* **DESCRIPTION OF THE TASK**: Your job is to print, exactly, the lines in the data below from the line with "おしゃれ 柔らかい #[ckd1091741_17800]【送料込み】【250704】" through the line with "For Xiaomi Redmi", both included, and to omit any picture.

* **TASK DATA**:
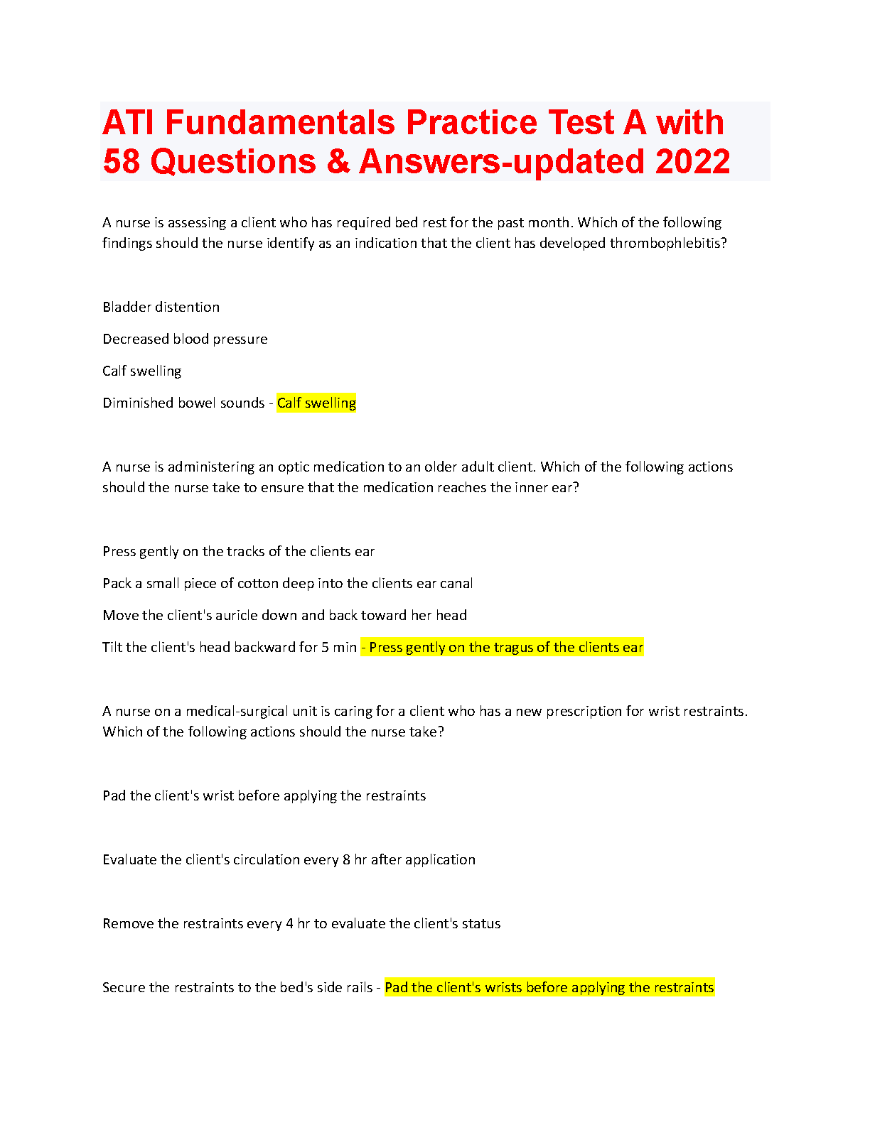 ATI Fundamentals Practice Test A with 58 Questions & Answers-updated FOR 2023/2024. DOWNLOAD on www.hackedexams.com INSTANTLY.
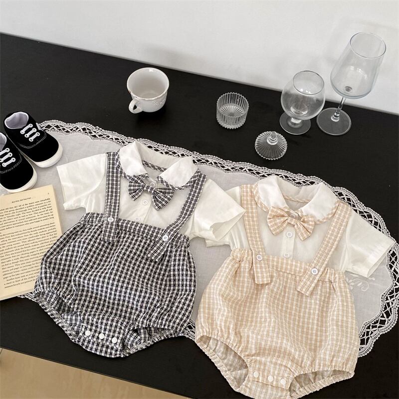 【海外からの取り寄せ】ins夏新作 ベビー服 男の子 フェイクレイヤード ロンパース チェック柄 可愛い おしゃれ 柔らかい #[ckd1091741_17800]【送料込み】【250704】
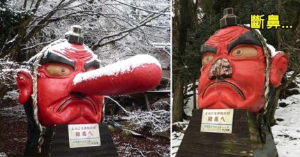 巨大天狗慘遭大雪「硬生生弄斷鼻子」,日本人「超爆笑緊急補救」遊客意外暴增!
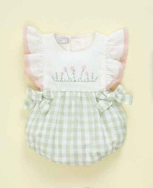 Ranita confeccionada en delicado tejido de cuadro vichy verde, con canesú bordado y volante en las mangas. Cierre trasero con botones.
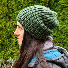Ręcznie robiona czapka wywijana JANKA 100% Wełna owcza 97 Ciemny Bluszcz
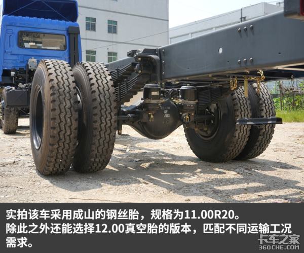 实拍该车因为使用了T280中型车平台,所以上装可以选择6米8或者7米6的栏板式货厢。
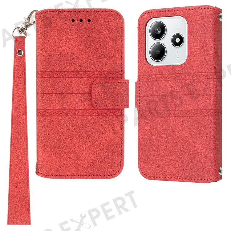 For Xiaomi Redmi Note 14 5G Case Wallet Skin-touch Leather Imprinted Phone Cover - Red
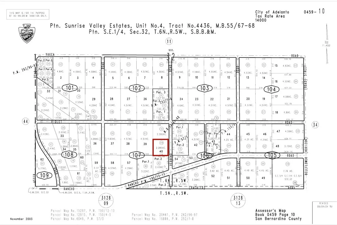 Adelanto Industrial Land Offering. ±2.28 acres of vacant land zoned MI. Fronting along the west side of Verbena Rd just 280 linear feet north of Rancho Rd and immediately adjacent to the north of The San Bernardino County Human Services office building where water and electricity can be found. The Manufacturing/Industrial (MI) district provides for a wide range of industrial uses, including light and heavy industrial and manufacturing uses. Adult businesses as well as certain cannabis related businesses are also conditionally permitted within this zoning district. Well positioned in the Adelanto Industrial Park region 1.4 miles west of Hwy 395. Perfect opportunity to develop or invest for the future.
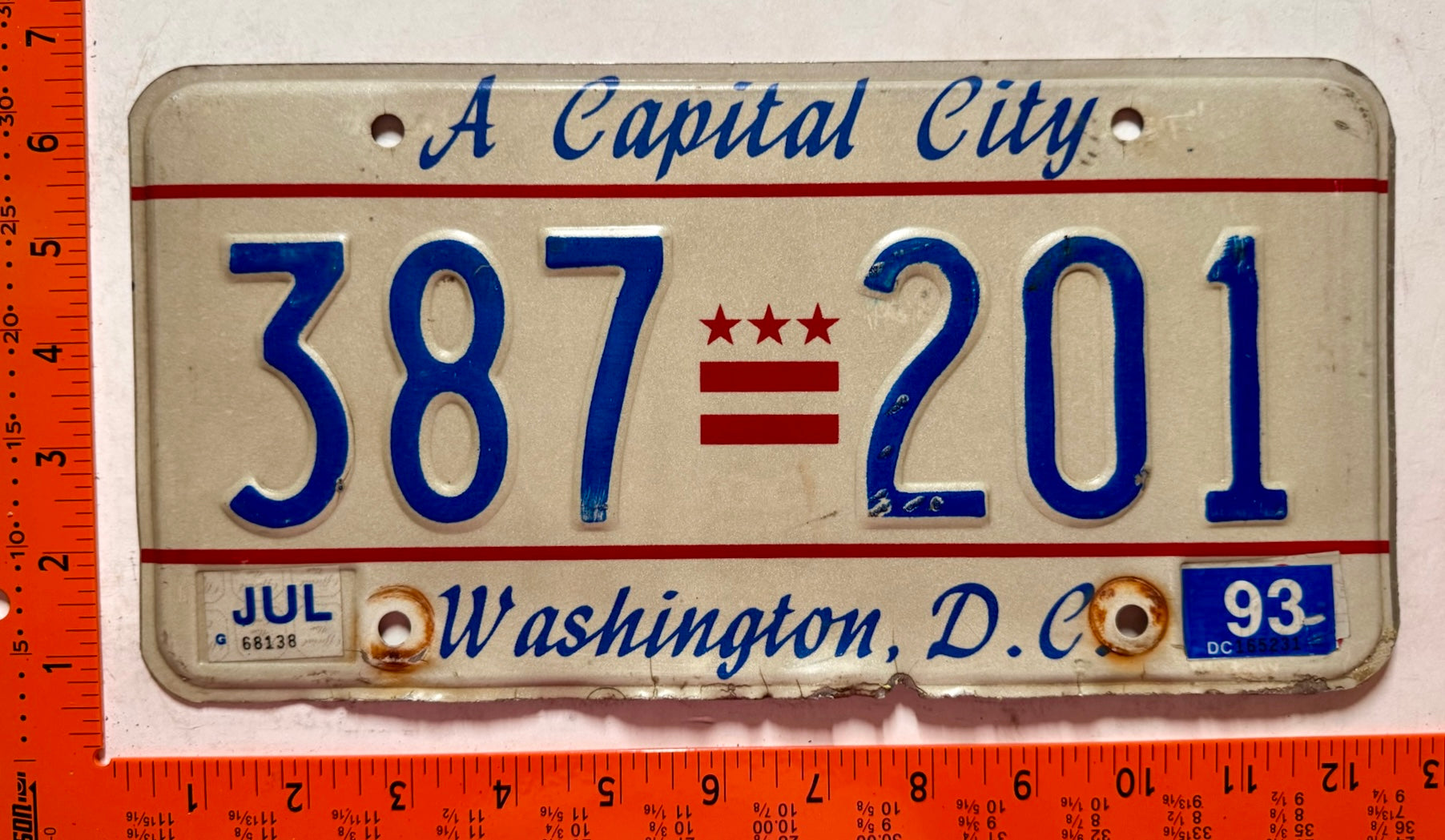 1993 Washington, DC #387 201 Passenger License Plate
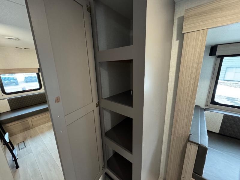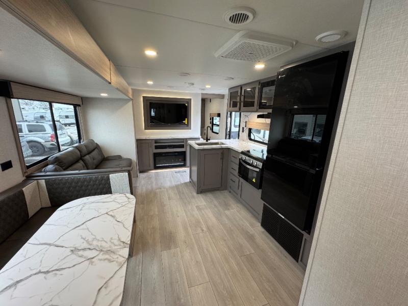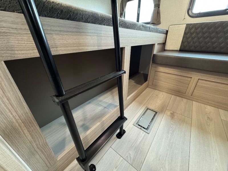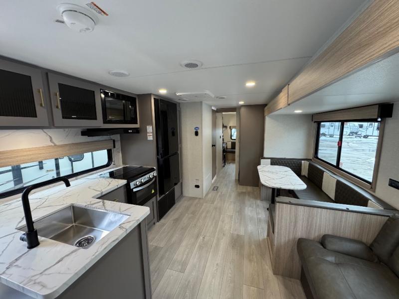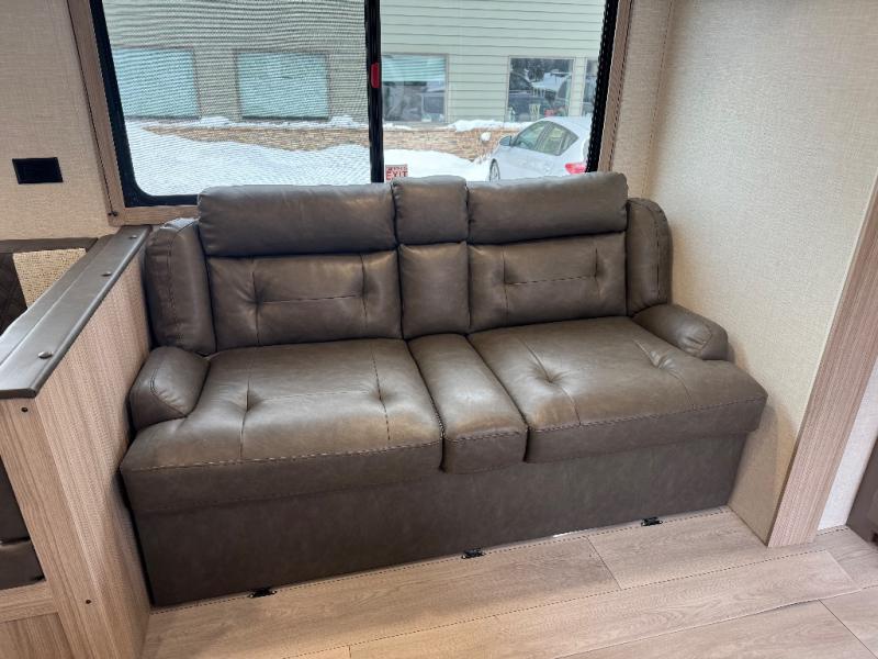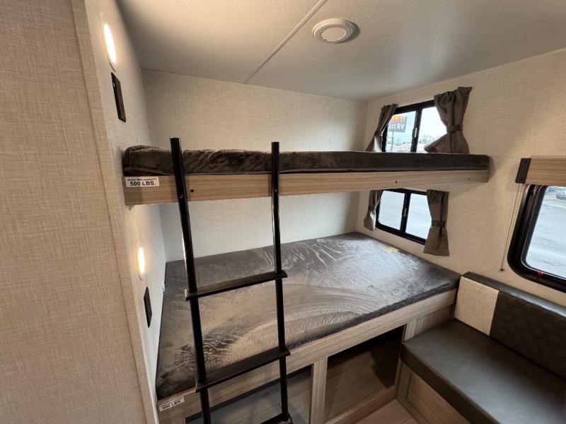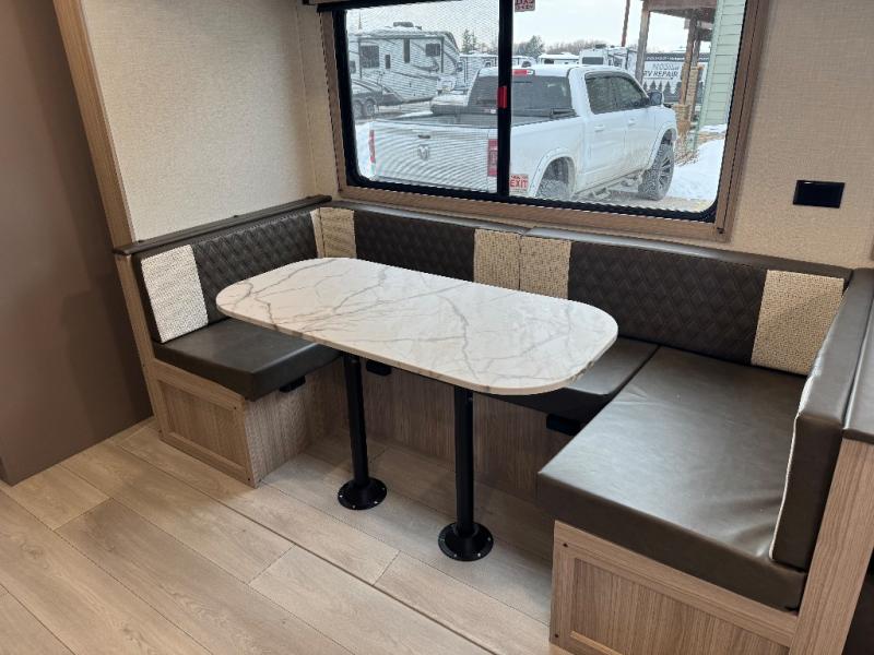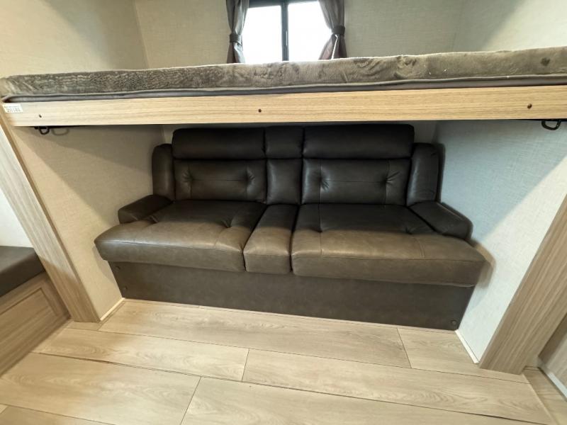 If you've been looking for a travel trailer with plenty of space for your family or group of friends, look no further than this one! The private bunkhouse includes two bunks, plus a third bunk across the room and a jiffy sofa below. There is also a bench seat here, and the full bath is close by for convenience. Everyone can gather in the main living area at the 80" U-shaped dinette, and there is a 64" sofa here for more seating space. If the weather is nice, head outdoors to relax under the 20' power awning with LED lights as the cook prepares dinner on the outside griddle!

* **ANSWER TO THIS PROBLEM**:
 【海外からの取り寄せ】ins夏新作 ベビー服 男の子 フェイクレイヤード ロンパース チェック柄 可愛い おしゃれ 柔らかい #[ckd1091741_17800]【送料込み】【250704】
 巨大天狗慘遭大雪「硬生生弄斷鼻子」,日本人「超爆笑緊急補救」遊客意外暴增!
 Ranita confeccionada en delicado tejido de cuadro vichy verde, con canesú bordado y volante en las mangas. Cierre trasero con botones.
Ręcznie robiona czapka wywijana JANKA 100% Wełna owcza 97 Ciemny Bluszcz
 实拍该车因为使用了T280中型车平台,所以上装可以选择6米8或者7米6的栏板式货厢。
 For Xiaomi Redmi Note 14 5G Case Wallet Skin-touch Leather Imprinted Phone Cover - Red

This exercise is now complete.